On Wed, May 25, 2016, 19:41 Heather Gibling notifications@github.com wrote:
Hello,
I'm using vg to build a graph of the MHC region on chromosome 6. I constructed a graph using the GRCh38 reference sequence http://ftp.1000genomes.ebi.ac.uk/vol1/ftp/technical/reference/GRCh38_reference_genome/GRCh38_full_analysis_set_plus_decoy_hla.fa sequence and the 1000 genomes project VCF SNPs file http://ftp.1000genomes.ebi.ac.uk/vol1/ftp/release/20130502/supporting/GRCh38_positions for chromosome 6:
vg construct -R 6:28510120-33480577 -t 16 -m 32 -v SNPs-vcf -r reference-sequence > GRCh38-MHC-ref.vg
And then aligned the alternate haplotypes http://hgwdev.sdsc.edu/%7Eanovak/hgvm/MHC/, following the parameters from the wiki on msga https://github.com/vgteam/vg/wiki/Long-read-assemblies-using-vg-msga#example, but with the -z flag for retaining parts of the original graph that aren't in the input paths:
vg msga -g GRCh38-MHC-ref.vg -f alt-MHC.fa -B 128 -K 11 -X 2 -E 3 -G -S 0.95 -H 5 -z -D -t 16 > GRCh38-MHC-haps.vg
I get a new graph with more nodes and edges, but also several warnings:
[xg] warning: graph does not have edge from 3- to 5+ for path 6 [xg] warning: graph does not have edge from 5- to 6+ for path 6 [xg] warning: graph does not have edge from 10- to 12+ for path 6 [xg] warning: graph does not have edge from 17- to 19+ for path 6 [xg] warning: graph does not have edge from 20- to 21+ for path 6 ... [xg] warning: graph does not have edge from 594871- to 594872+ for path 6 [xg] warning: graph does not have edge from 594872- to 594874+ for path 6 [xg] warning: graph does not have edge from 594874- to 594875+ for path 6 [xg] warning: graph does not have edge from 594875- to 594877+ for path 6 [xg] warning: graph does not have edge from 594877- to 594878+ for path 6
I want to clarify these warnings: is this just telling me that GRCh38-MHC-ref.vg did not have an edge from node 3 to node 5 (path 6 being chromosome 6), but with the multiple sequence/graph alignment of the alternate haplotypes, a new edge has been added in GRCh38-MHC-haps.vg?

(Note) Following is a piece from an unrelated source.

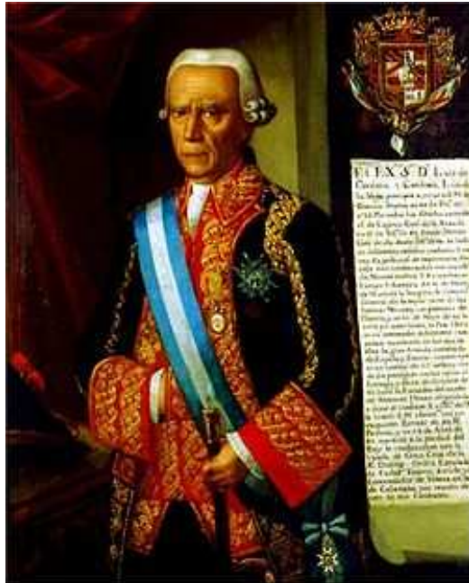
Luis de Córdova y Córdova

Or is it saying there should be an edge between nodes 3 and 5 to accommodate the new input sequences, but the edge was not able to be incorporated in GRCh38-MHC-haps.vg?
Thanks
— You are receiving this because you are subscribed to this thread. Reply to this email directly or view it on GitHub https://github.com/vgteam/vg/issues/363
I get the same long list of warnings without -z
This warning indicates something is not working correctly. We have included a path in a previous iteration and it is now not fully embedded in the graph after editing.

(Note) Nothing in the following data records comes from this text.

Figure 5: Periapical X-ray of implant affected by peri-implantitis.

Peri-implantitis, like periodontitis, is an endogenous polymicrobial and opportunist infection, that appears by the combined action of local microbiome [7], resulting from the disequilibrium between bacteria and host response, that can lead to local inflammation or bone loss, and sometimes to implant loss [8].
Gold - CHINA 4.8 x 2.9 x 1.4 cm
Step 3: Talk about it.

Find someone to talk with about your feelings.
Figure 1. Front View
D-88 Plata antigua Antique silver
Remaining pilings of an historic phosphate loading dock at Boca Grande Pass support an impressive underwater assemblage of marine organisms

Would it be possible to share the test case inputs in a zip file here?
On Wed, May 25, 2016, 19:58 Heather Gibling notifications@github.com wrote:
I get the same long list of warnings without -z
— You are receiving this because you commented.
Reply to this email directly or view it on GitHub https://github.com/vgteam/vg/issues/363#issuecomment-221672897
The sequences and vcf are online:
wget ftp://ftp.1000genomes.ebi.ac.uk/vol1/ftp/release/20130502/supporting/GRCh38_positions/ALL.chr6.phase3_shapeit2_mvncall_integrated_v3plus_nounphased.rsID.genotypes.GRCh38_dbSNP_no_SVs.vcf.gz
wget ftp://ftp.1000genomes.ebi.ac.uk/vol1/ftp/release/20130502/supporting/GRCh38_positions/ALL.chr6.phase3_shapeit2_mvncall_integrated_v3plus_nounphased.rsID.genotypes.GRCh38_dbSNP_no_SVs.vcf.gz.tbi
wget ftp://ftp.1000genomes.ebi.ac.uk/vol1/ftp/technical/reference/GRCh38_reference_genome/GRCh38_full_analysis_set_plus_decoy_hla.fa
# rename reference sequences to match vcf
sed 's/>chr/>/' GRCh38_full_analysis_set_plus_decoy_hla.fa > GRCh38_full_analysis_set_plus_decoy_hla-no-chr.fa
wget http://hgwdev.sdsc.edu/~anovak/hgvm/hgvm.tar.gz
tar zxvf hgvm.tar.gz
cat hgvm/MHC/ref.fa hgvm/MHC/G*fa > MHC.fa
vg construct -R 6:28510120-33480577 -t 16 -m 32 -v ALL.chr6.phase3_shapeit2_mvncall_integrated_v3plus_nounphased.rsID.genotypes.GRCh38_dbSNP_no_SVs.vcf.gz -r GRCh38_full_analysis_set_plus_decoy_hla-no-chr.fa > GRCh38-MHC-ref.vg
Which gives me: GRCh38-MHC-ref.vg.zip
vg msga -g GRCh38-MHC-ref.vg -f MHC.fa -B 128 -K 11 -X 2 -E 3 -G -S 0.95 -H 5 -z -D -t 16 > GRCh38-MHC-haps.vg
I can't compress GRCh38-MHC-haps.vg small enough to add on github, but can send it another way (Dropbox?) if you'd like.
Hi,
Wondering if anyone's had a chance to look into what might be going on here.
When you get the final graph, does vg validate
like it?
I really have no idea what's going on here, beyond the edges needed for the reference path having escaped from the graph somehow; @ekg is the msga person.
I can reproduce this with this tiny starting graph, though. Somehow it tries to make an xg index that has path 6 from the input graph but not the correct nodes/edges for it...
Perhaps we should turn that warning into an error?
When you get the final graph, does
vg validate
like it?
I get nothing returned to terminal, so... yes I think?
Yes, no error message means the graph is valid. I'll try to reproduce this today so we can resolve the bug you ran into. Sorry for the delay.
On Sun, Jun 26, 2016, 22:36 Heather Gibling notifications@github.com wrote:
When you get the final graph, does vg validate like it?
I get nothing returned to terminal, so... yes I think?
— You are receiving this because you were mentioned. Reply to this email directly, view it on GitHub https://github.com/vgteam/vg/issues/363#issuecomment-228621298, or mute the thread https://github.com/notifications/unsubscribe/AAI4ESD5S105whJpXOr3X3AXULRD5tbFks5qPuLLgaJpZM4Im2Ap .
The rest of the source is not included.